JOHNNY HALLYDAY : Mais le rock, ça ne veut pas dire qu'il faut se détruire ! Je suis un homme normal.
TELE STAR : Est-ce bon pour votre image de rebelle ?
JOHNNY HALLYDAY : (Un éclair dans le regard.) Je m'en fous. Je suis comme je suis. Je vis comme je vis.
TELE STAR : Vos fans ont frémi en vous voyant mourir dans Commissaire Moulin. Difficile ?
JOHNNY HALLYDAY : J'adore ça, mourir dans les films. Et encore, on voulait que ce soit plus hard. Une mort avec du sang qui gicle sur les murs. (Il rit.) Seulement, comme on tournait dans une vraie bijouterie chic (Mauboussin, ndlr), qui ouvrait ses portes le lendemain matin, on n'a pas eu le droit de salir...
TELE STAR : Dans la vraie vie, avez-vous déjà songé à votre épitaphe ?
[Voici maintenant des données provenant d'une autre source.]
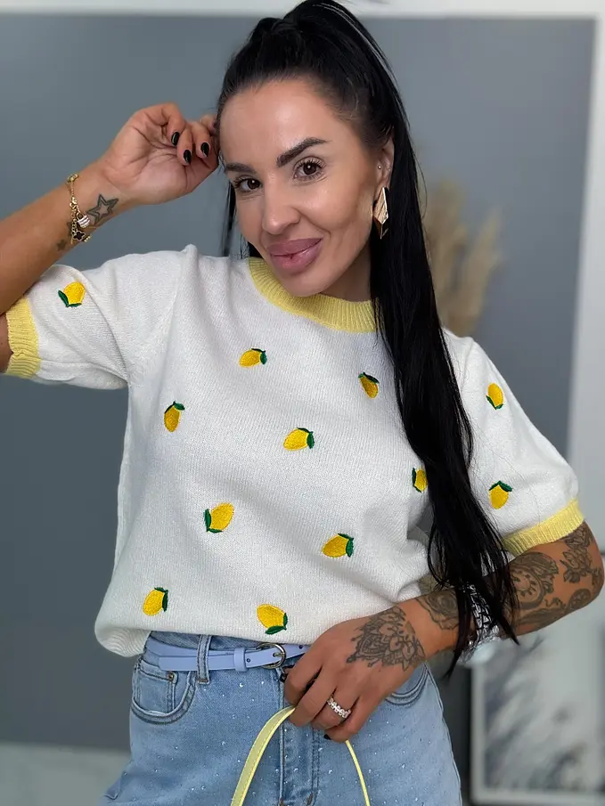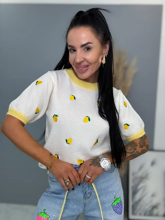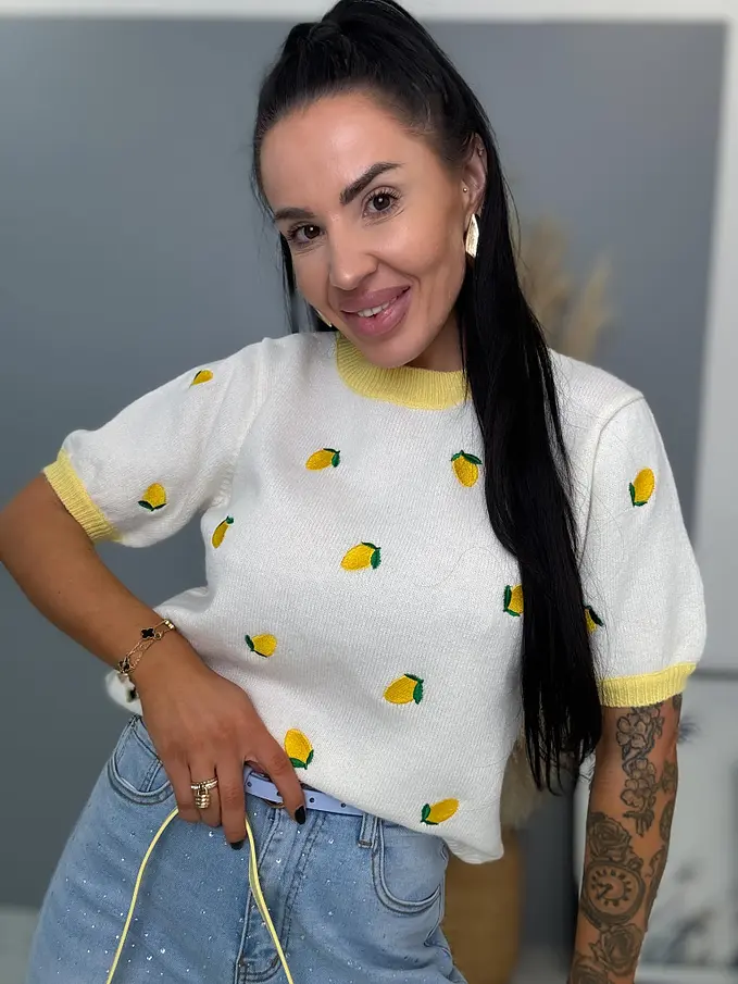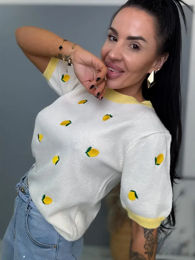 Pletený pulóver s vyšívanými citrónmi CITRONA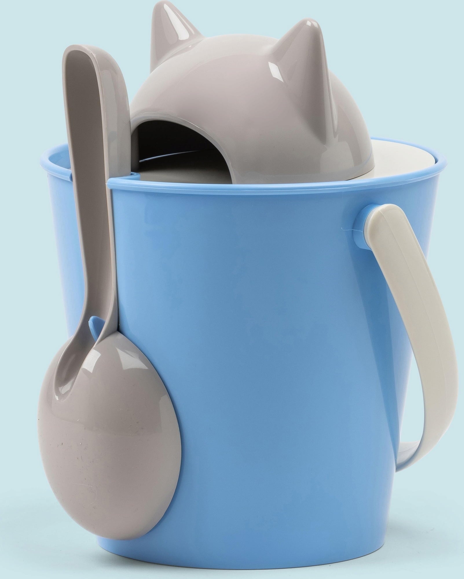 This adorable container with a hermetic lid keeps dry food fresh for longer. The practical spoon helps to measure out the right amount of food. It is made of recycled plastic and is dishwasher safe.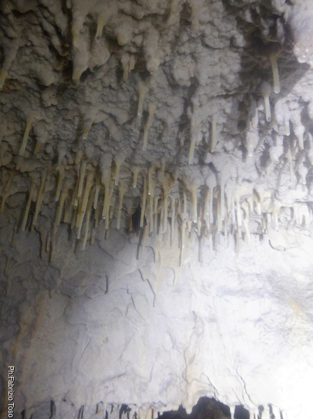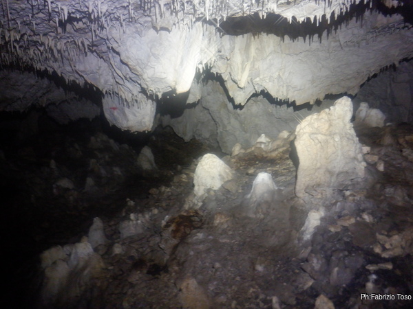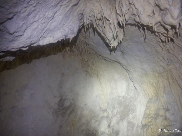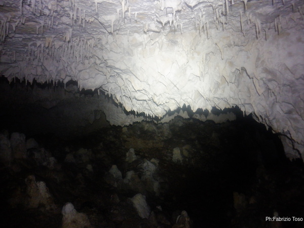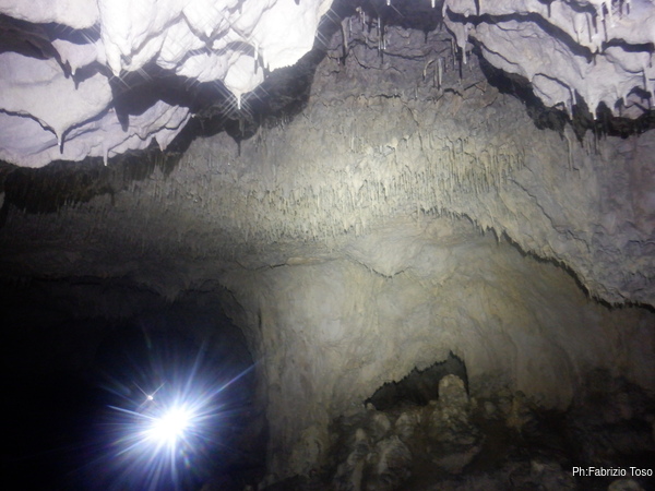 Passato alla sala piu’ interna inizio a girare, meravigliato dalla vastita’ inaspettata di ambienti. Maria pria di entrare mi spiegava che in realta’ si tratta di un unico enorme ambiente diviso in “stanze” da diaframmi di roccia concrezionata, piu’ o meno ampi.

JOHNNY HALLYDAY : (Geste large.) Ce sera très sobre : "Jean-Philippe Smet, plus connu sous le nom de Johnny Hallyday." Et surtout, pitié, pas de statue comme pour Claude François. J'aimerais bien être enterré face à la mer, à Ramatuelle, une ville où j'ai vécu. Gérard Philipe ne serait pas loin. On pourrait jouer aux cartes...
TELE STAR : Alors, fini les nuits blanches, les virées pour fuir la peur de la mort et de la solitude ?
JOHNNY HALLYDAY : Fini. Maintenant, je me lève tôt pour voir ma fille se réveiller. Et puis les boîtes m'ennuient : je déteste la techno, on ne peut pas se parler, et je ne drague plus parce que je suis marié... et que je n'en ai pas envie. Me bourrer la gueule ? Non, merci : je fais du sport tous les jours. Tout ça, c'est plus pour moi.
TELE STAR : Johnny est devenu bien sage...
JOHNNY HALLYDAY : Non, je veux juste être encore là dans vingt ans. Je ne veux pas que ma fille ait un papa mort, gâteux ou impotent. A 80 ans, je veux encore être au top avec elle.